2007 & 2011 elections

It consists of the part of the City of Toronto bounded on the south by Lake Ontario, on the west by the Humber River, and on the north and east by a line drawn from the Humber River east along the Canadian Pacific Railway, southeast along the Canadian National/Canadian Pacific Railway to Queen Street West, south along Dufferin Street to the Gardiner expressway; then westerly along said expressway to the southerly production of Spencer Street, and south along the Spencer production to the city limits in Lake Ontario. The boundary then moves westerly along the city limits to the production of the Humber River; then generally it moves northwesterly following the river back to the commencement point at the intersection of the river and the railway tracks.

1999, 2003, 2006 elections
The district was constituted from parts of the old City of Toronto and the former City of York. It started at the intersection of the westerly limit of the City of York with the Canadian Pacific Railway; then went easterly along the railway to the Canadian National Railway; from there it went southeasterly along the Canadian National Railway to the northerly production of Atlantic Avenue; then southerly along said production, Atlantic Avenue and its southerly production to the Gardiner Expressway; thence westerly along the Gardiner Expressway to the southerly production of Spencer Avenue; then southerly along the southerly production of Spencer Avenue to the southerly limit of the City of Toronto in Lake Ontario. The boundary then moves westerly along the city limits to the production of the Humber River; then generally it moves northwesterly following the river back to the commencement point at the intersection of the river and the railway tracks.

Neighbourhoods
Parkdale—High Park encompasses seven neighbourhoods surrounding High Park. Including the park and portions west, between the north and south borders of the park is the neighbourhood of Swansea; north of the park are the neighbourhoods of High Park North and the south half of The Junction; north-west of the park are the neighbourhoods of Runnymede-Bloor West Village and Lambton Baby Point; to the east of the park is Roncesvalles; and Parkdale directly to the south and to the south-east.

History
Parkdale—High Park was created in 1996 when provincial districts were defined to have the same borders as federal electoral districts.  It had previously been represented by portions of the High Park—Swansea, Parkdale, and York South districts.
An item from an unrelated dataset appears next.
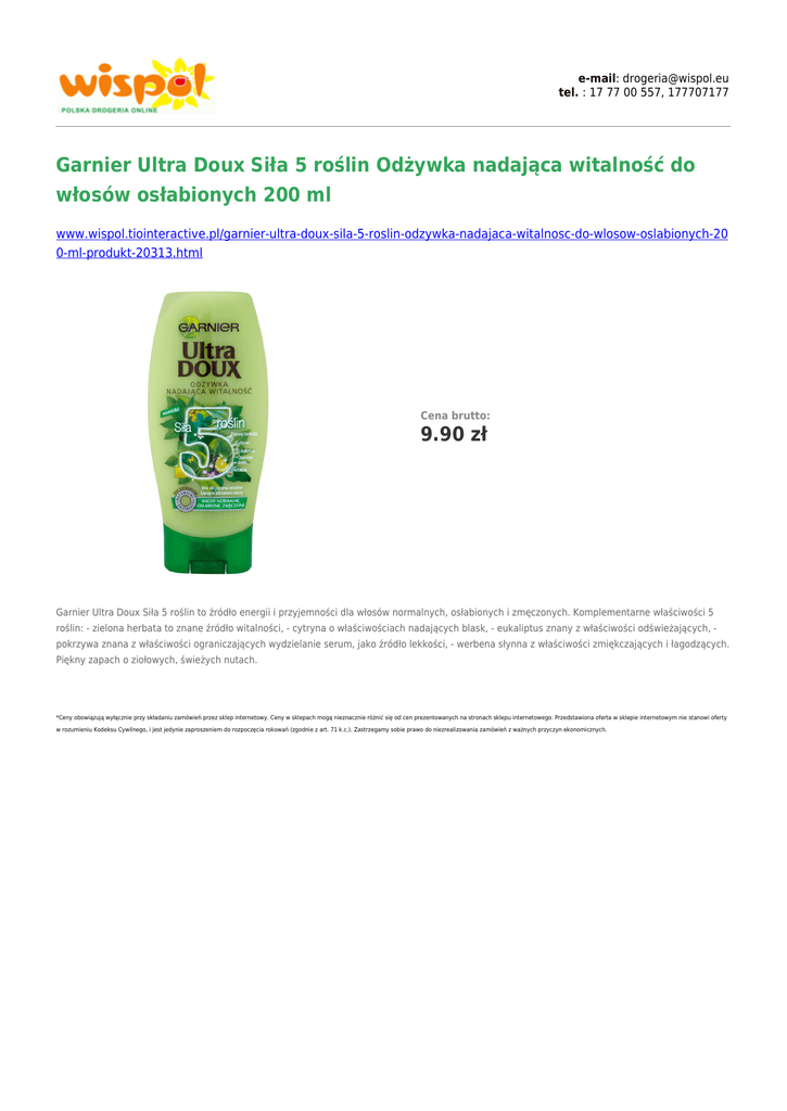 e-mail: [email protected] tel. : 17 77 00 557, 177707177 Garnier Ultra Doux Siła 5 roślin Odżywka nadająca witalność do włosów osłabionych 200 ml www.wispol.tiointeractive.pl/garnier-ultra-doux-sila-5-roslin-odzywka-nadajaca-witalnosc-do-wlosow-oslabionych-20 0-ml-produkt-20313.html Cena brutto: 9.90 zł Garnier Ultra Doux Siła 5 roślin to źródło energii i przyjemności dla włosów normalnych, osłabionych i zmęczonych. Komplementarne właściwości 5 roślin: - zielona herbata to znane źródło witalności, - cytryna o właściwościach nadających blask, - eukaliptus znany z właściwości odświeżających, pokrzywa znana z właściwości ograniczających wydzielanie serum, jako źródło lekkości, - werbena słynna z właściwości zmiękczających i łagodzących. Piękny zapach o ziołowych, świeżych nutach. *Ceny obowiązują wyłącznie przy składaniu zamówień przez sklep internetowy. Ceny w sklepach mogą nieznacznie różnić się od cen prezentowanych na stronach sklepu internetowego. Przedstawiona oferta w sklepie internetowym nie stanowi oferty w rozumieniu Kodeksu Cywilnego, i jest jedynie zaproszeniem do rozpoczęcia rokowań (zgodnie z art. 71 k.c.). Zastrzegamy sobie prawo do niezrealizowania zamówień z ważnych przyczyn ekonomicznych.
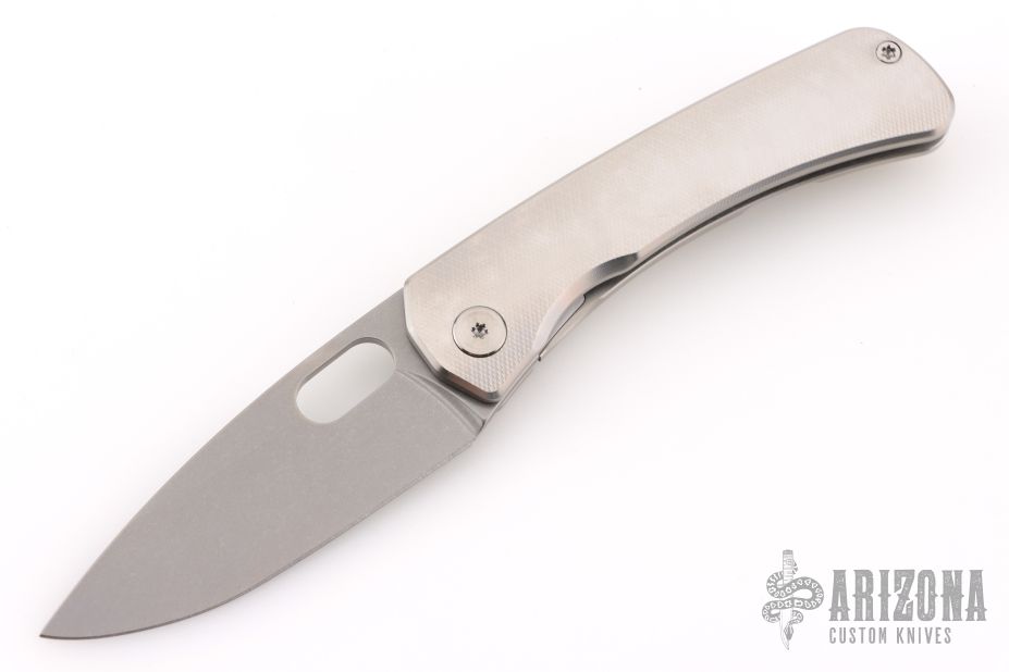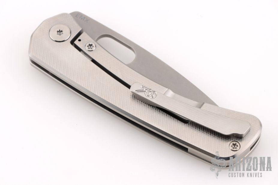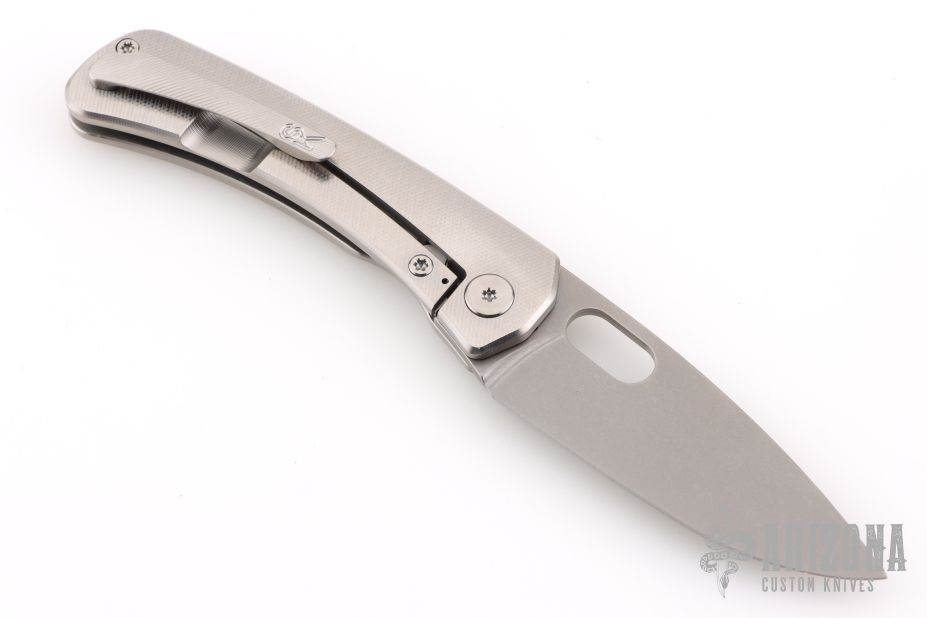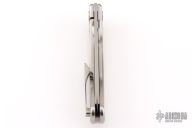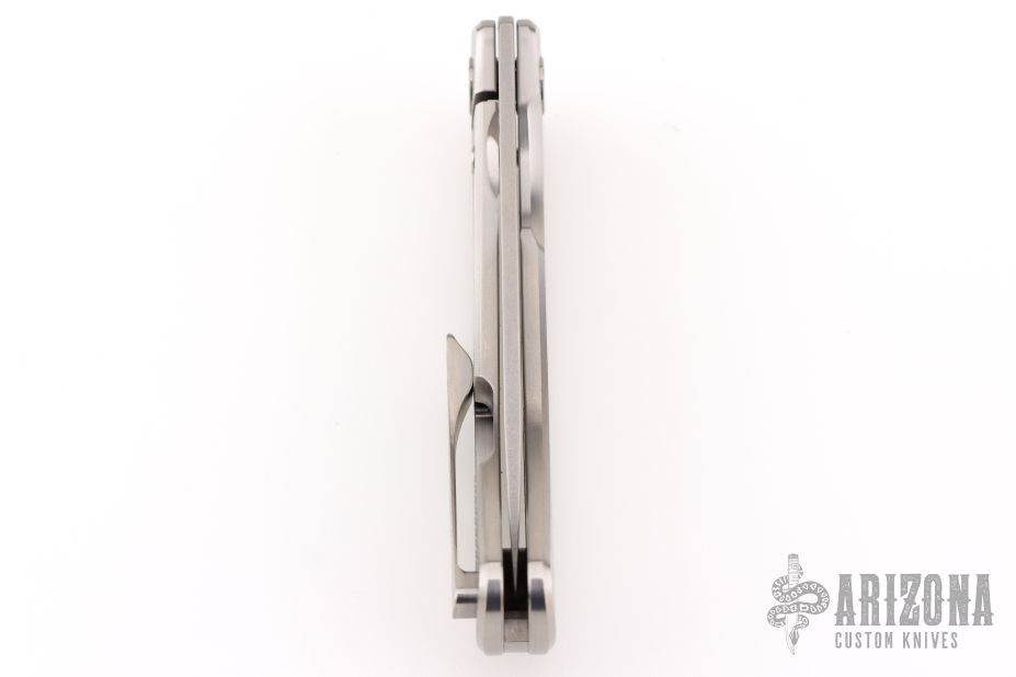 This Lamia by SPK Unlimited features a stonewashed blade with thumbhole. The handle has a XPJX Knurled titanium frame with matching hardware, backspacer and tip up clip with hidden screws. There is a lockface insert and overtravel stop in the frame. Comes with original box. Excellent Condition.

Gerard Kennedy, a member of the Ontario Liberal Party, was the first MPP elected from this district, after he won the seat in the 1999 Ontario general election. He was re-elected in the subsequent 2003 Ontario general election that elected a Liberal majority government. Kennedy served as Minister of Education in that government until he resigned in 2006 to run for the federal Liberal Party leadership, precipitating the September 14, 2006 by-election that was won by DiNovo.

Cheri DiNovo, a member of the New Democratic Party (NDP), became the district's MPP after the September 14, 2006 by-election caused by Kennedy's resignation from the Legislature. DiNovo was re-elected in the 2007, 2011 and 2014 Ontario general elections before retiring from politics in 2017 to become minister of Trinity-St. Paul's United Church.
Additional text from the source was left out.